The answers were varied, but included the following projects or concerns:

-- Potable water supply and water reuse.

-- Stormwater projects.

-- Sea-level rise and possible saltwater intrusion of sewer systems.

-- Canal restoration.

-- Paying down debt from existing wastewater and stormwater projects.

In addition, the group discussed the possibility of amending language to the existing so-called Mayfield grant that authorized $200 million in state funding for Keys sewer projects. So far, $100 million, including $50 million this year, has been doled out.

But Raschein has been clear she prefers not to go after another $50 million in the 2015 state legislative session. She's said it was a large ask and that she wants to address other priorities.

"We need to get the Mayfield language amended, allow it to be used for other things and that's what we need to talk about,” Monroe County Administrator Roman Gastesi said.

Marathon Mayor Dick Ramsay, among others, urged the group to show the same "unity" it did in lobbying the state for the first $100 million in Mayfield funding.

"I'm not sure we're going to come to specifics today, but that's my input.

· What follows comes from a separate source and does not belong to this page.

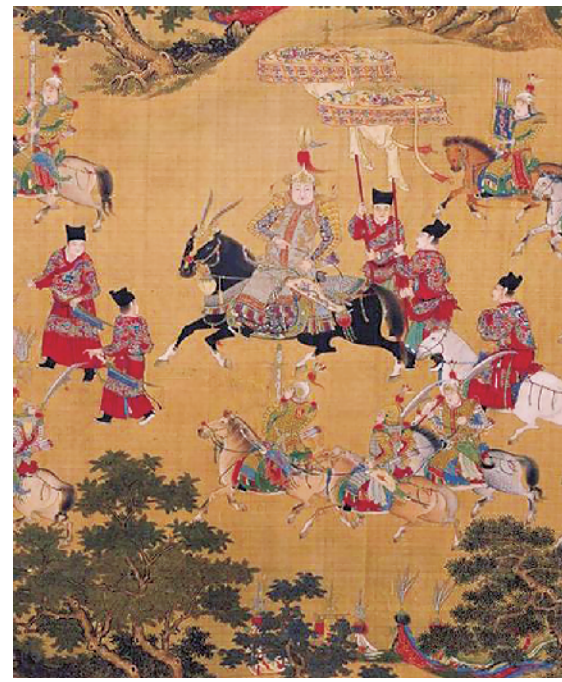
《出警入蹕图》局部,画中红衣黑帽者即为锦衣卫

We have got to work as a team," he said.

County Commissioner Heather Carruthers said it's important to hammer home to state officials the "value we bring to the entire state" in terms of tourism.

"Our functional population is twice what our permanent population is," she said. "Investing in water quality here is more important in some ways than anywhere else. We need to make that argument as forcefully as possible."

The group agreed to discuss how to approach funding at a future meeting, once all the stakeholders have a chance to evaluate the others' priorities.